- _TASK REQUIREMENTS_: Take nothing but the lines from the one with "Алюминиевый рабочий стол" through the one with "서울씨엔지(주) 배상준 대표는" in the entries below, both ends kept, and return them exactly with pictures left out.

RECORDED INFORMATION Start Marker

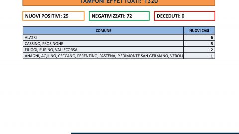 FROSINONE – Nelle ultime 24h sono stati effettuati 1320 tamponi. Abbiamo registrato 29 nuovi casi di positivi al Sars-CoV-2. I
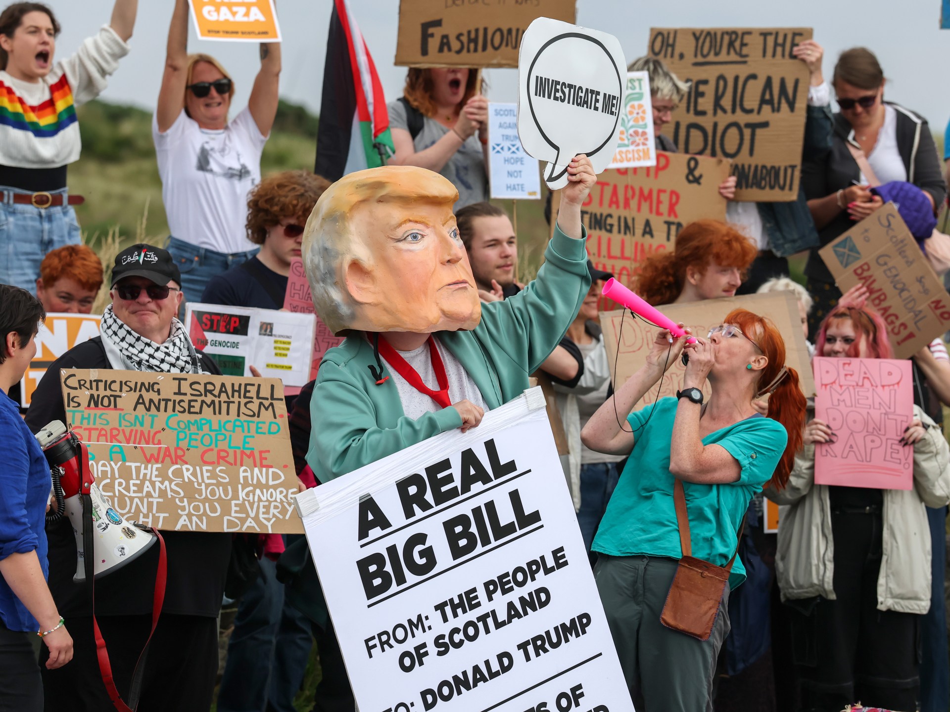 الأسكتلنديون يستقبلون ترامب بالاحتجاج اللاذع ونفخ القرب والتضامن مع فلسطين
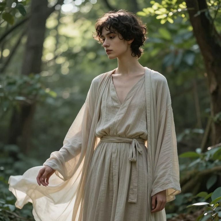 Androgynous beauty standing in a natural forest, gentle sunlight filters through leaves, flowing neutral-toned garments, serene expression blending masculinity and femininity
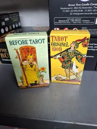 Lote de dos cajas de tarot. - Caja Before Tarot con ilustración de una figura sentada en un trono. - Caja Tarot Original 1909 con ilustración de un personaje con un bastón.
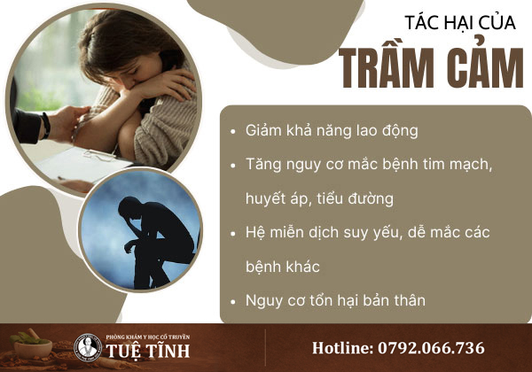 Trầm cảm để lâu dễ gây nhiều hệ lụy nguy hiểm. Hãy đến Phòng khám Y học cổ truyền Tuệ Tĩnh để được thăm khám và điều trị sớm. Điều trị bằng y học cổ truyền sẽ giúp ổn định tinh thần, cải thiện giấc ngủ, nâng cao chất lượng cuộc sống.
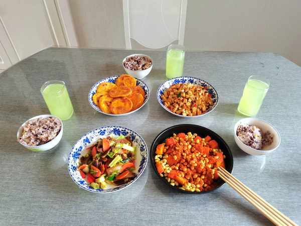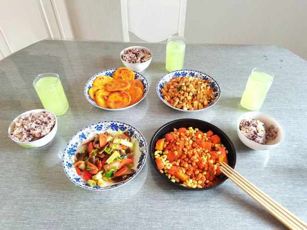 1、午餐:椒鹽烤南瓜黃豆,肉片炒紅蘿卜芹菜,麻婆豆腐,糯米南瓜餅,芹菜汁,雜糧米飯。
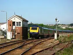 The signal box is situated at the east end of the station between the main line and the St Ives branch. It was opened on 10 September 1899 when the main line was doubled to Hayle and replaced an earlier box that dated from around the time of the opening of the St Ives branch. Semaphore signals still control movements around the station. The signal box also controls trains on the St Ives branch.[10]
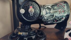 Aesthetically antique Singer sewing machines are interesting pieces of art in themselves, but if not used as a sewing machine serve no purpose and tend to sit around gathering dust. . Traceys design for Phoenix as a compact simple bedside table inspired the concept for Falling in Reverse (named after one of Gavins favourite bands). We decided to use a slightly gothic theme in the art work and design for this one – just because thats different.
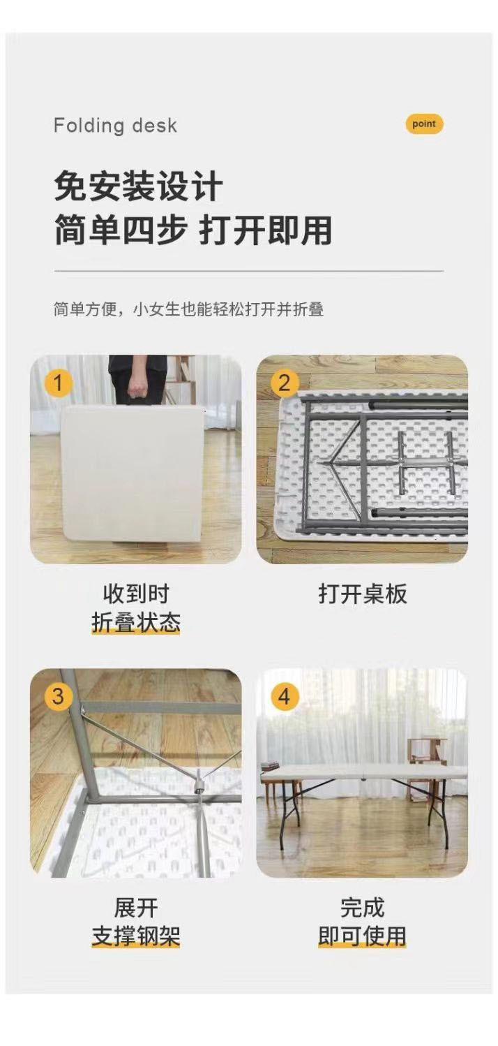 • 2.4m 양쪽 다리 접이식, 10-12인용, 흰색
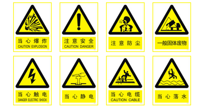 以上圖片共計包含8個標志牌效果圖,分別為:當心爆炸;注意安全;注意防塵;一般固體廢物;當心觸電;當心靜電;當心電纜;當心落水。
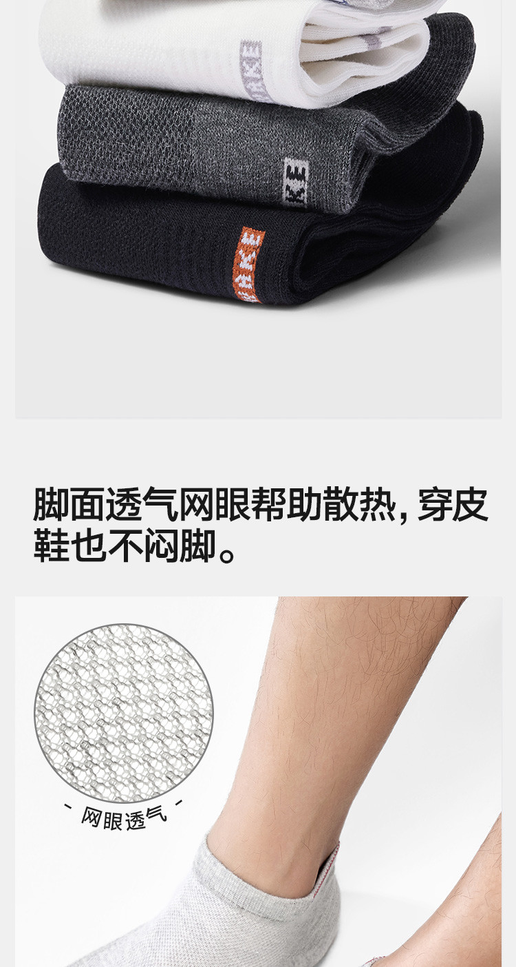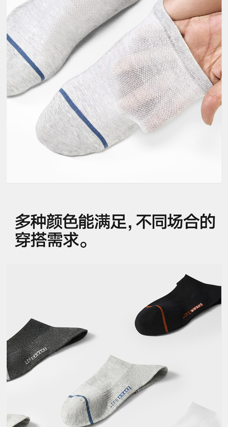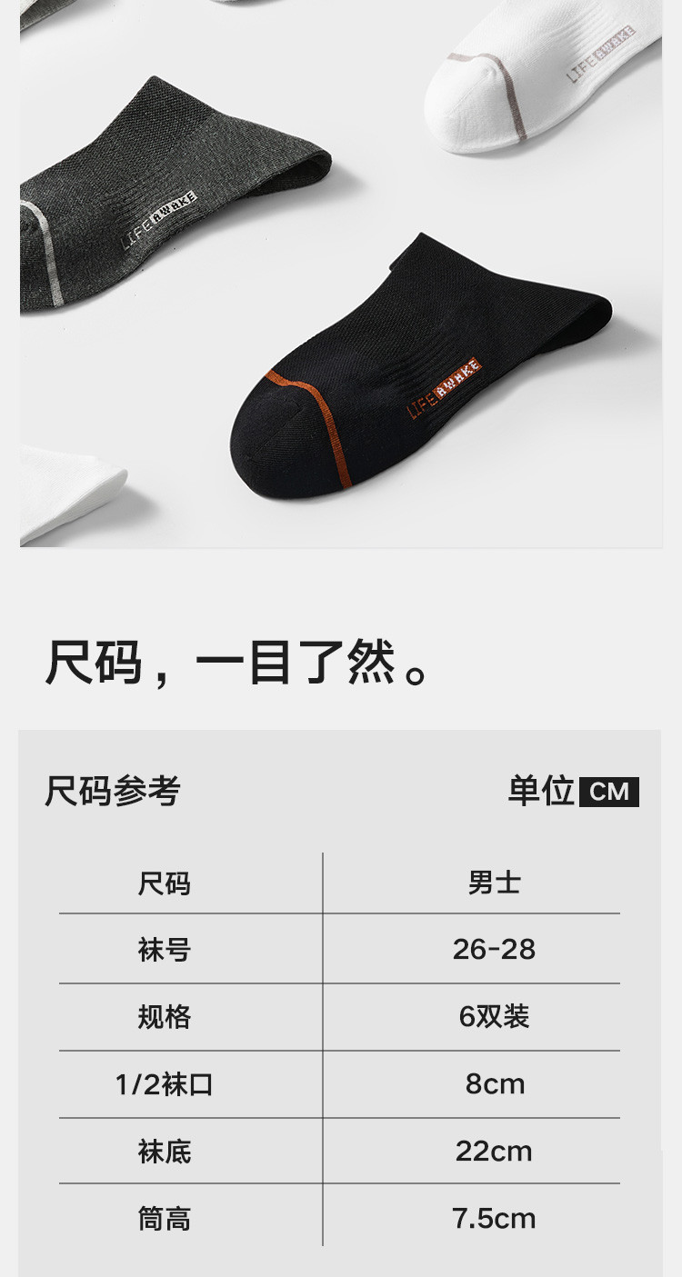 商品名称:【100%纯棉防臭】6双装男士袜子夏季薄款网眼透气短袜男船袜 129562
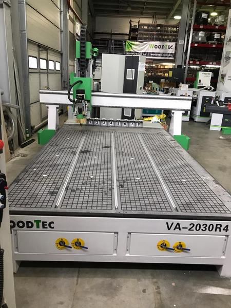 Алюминиевый рабочий стол покрытый износостойким пластиком, специально разработанным для совместного использования с вакуумным насосом. Такой стол позволяет быстро и неподвижно установить заготовку на рабочий стол за счет мощной вакуумной станции 5,5 кВт. Также заготовку на стол можно крепить механически при помощи струбцин, для этого стол разделили на 4 зоны с помощью Т-образного профиля. В отличии от многих этот вакуумный насос роторно-пластинчатого принципа, который работает в разы дольше чем все конкуренты.
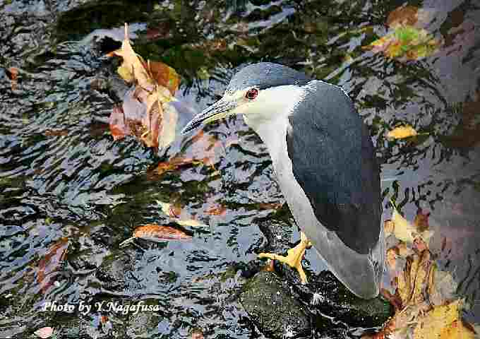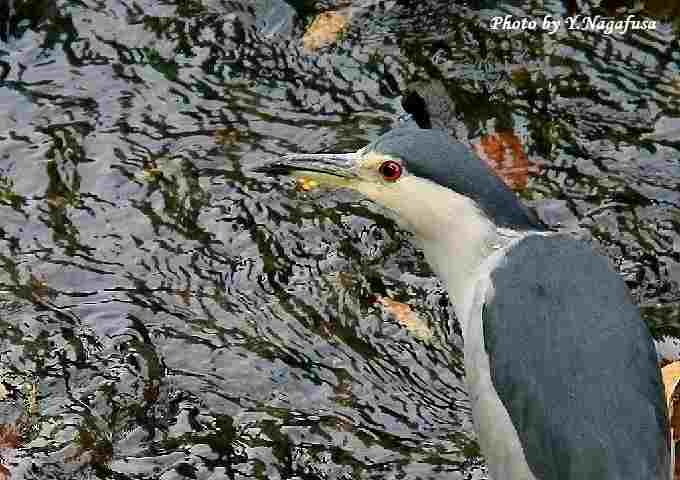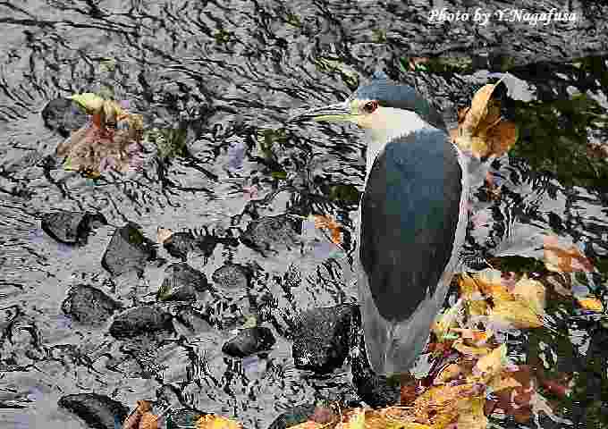 この日、ゴイサギは塒入りの前に弑さな川で獲物を狙っていました。
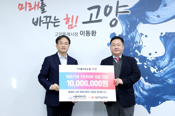 서울씨엔지(주) 배상준 대표는 고양시의 기부 캠페인을 기사로 접하고 후원을 결심했다며 “대규모 지진 피해로 어려움을 겪고 있는 튀르키예와 시리아 지역 주민들에게 조금이나마 힘이 되길 바란다. 피해가 신속히 복구돼 현지 주민들이 하루 빨리 일상으로 돌아올 수 있기를 기원한다”고 밝혔다.
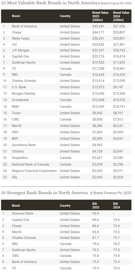 In Canada, TD (down 8% to USD17.4 billion), RBC (up 1% to USD16.6 billion), Scotiabank (unchanged at USD10.6 billion), BMO (down 3% to USD10.4 billion), and CIBC (up 13% to USD8.9 billion) continue to dominate the market, all securing spots in the top 20 most valuable banking brands in North America and the top 50 globally. Canadian brand values have remained relatively steady, especially in comparison to the aggressive growth of their US counterparts.
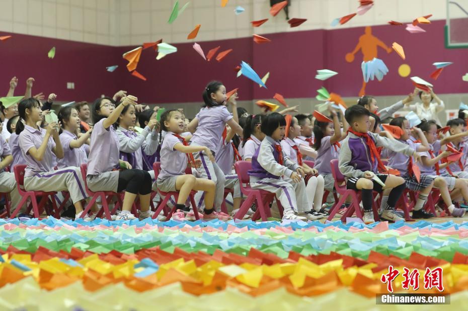 中国儿童成功创造“最长的纸飞机队列”世界纪录
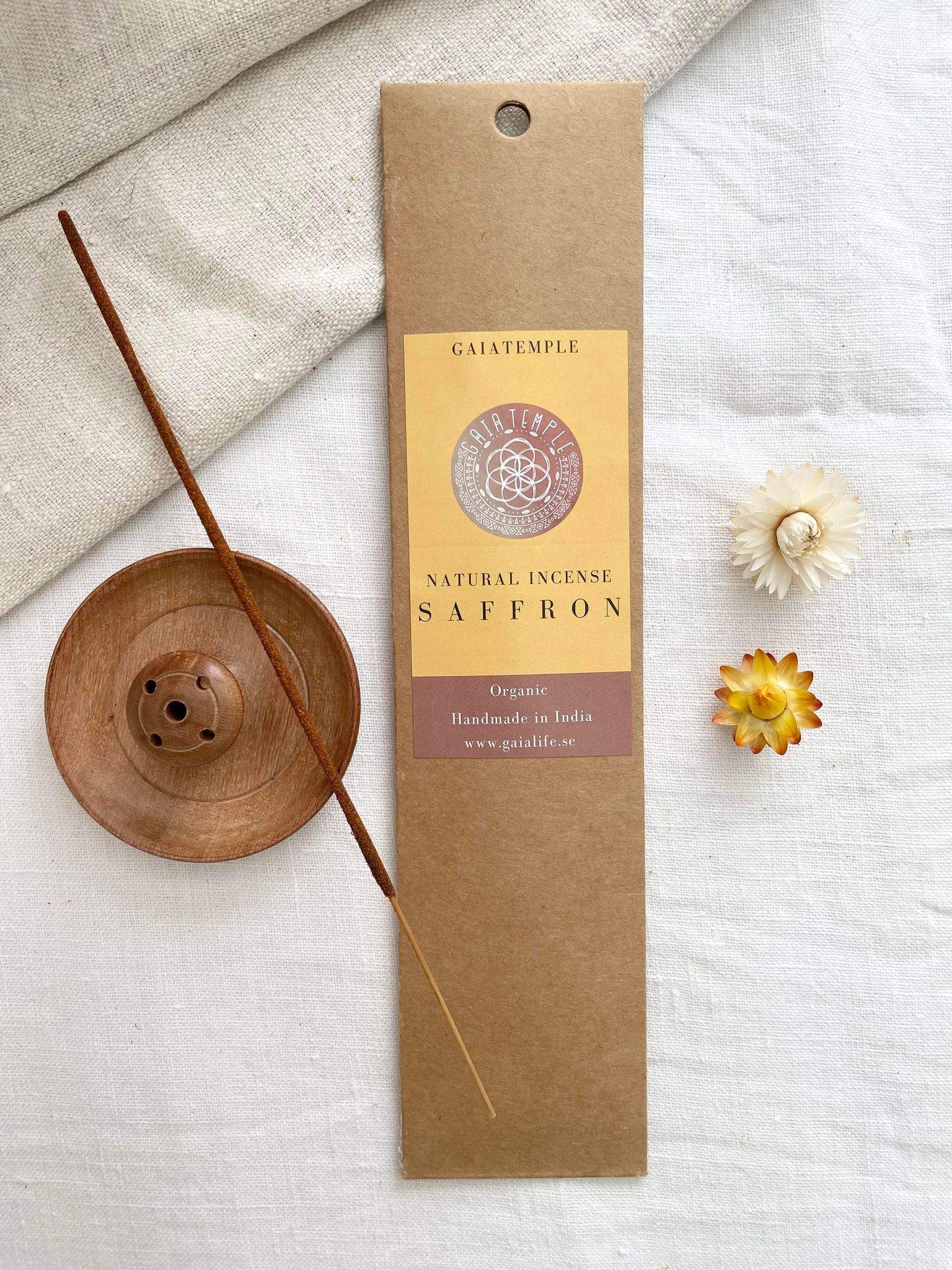 Denna rökelse höjer ditt sinne ur nedstämdhet och trötthet. Balanserar dina känslor. Den skapar lugn, stärker koncentrationen och tankeverksamheten. Saffran ökar sexlusten och passionen till livet.

RECORDED INFORMATION End Marker

- _SOLUTION FOR THIS PROBLEM_:
 Алюминиевый рабочий стол покрытый износостойким пластиком, специально разработанным для совместного использования с вакуумным насосом. Такой стол позволяет быстро и неподвижно установить заготовку на рабочий стол за счет мощной вакуумной станции 5,5 кВт. Также заготовку на стол можно крепить механически при помощи струбцин, для этого стол разделили на 4 зоны с помощью Т-образного профиля. В отличии от многих этот вакуумный насос роторно-пластинчатого принципа, который работает в разы дольше чем все конкуренты.
 この日、ゴイサギは塒入りの前に弑さな川で獲物を狙っていました。
 서울씨엔지(주) 배상준 대표는 고양시의 기부 캠페인을 기사로 접하고 후원을 결심했다며 “대규모 지진 피해로 어려움을 겪고 있는 튀르키예와 시리아 지역 주민들에게 조금이나마 힘이 되길 바란다. 피해가 신속히 복구돼 현지 주민들이 하루 빨리 일상으로 돌아올 수 있기를 기원한다”고 밝혔다.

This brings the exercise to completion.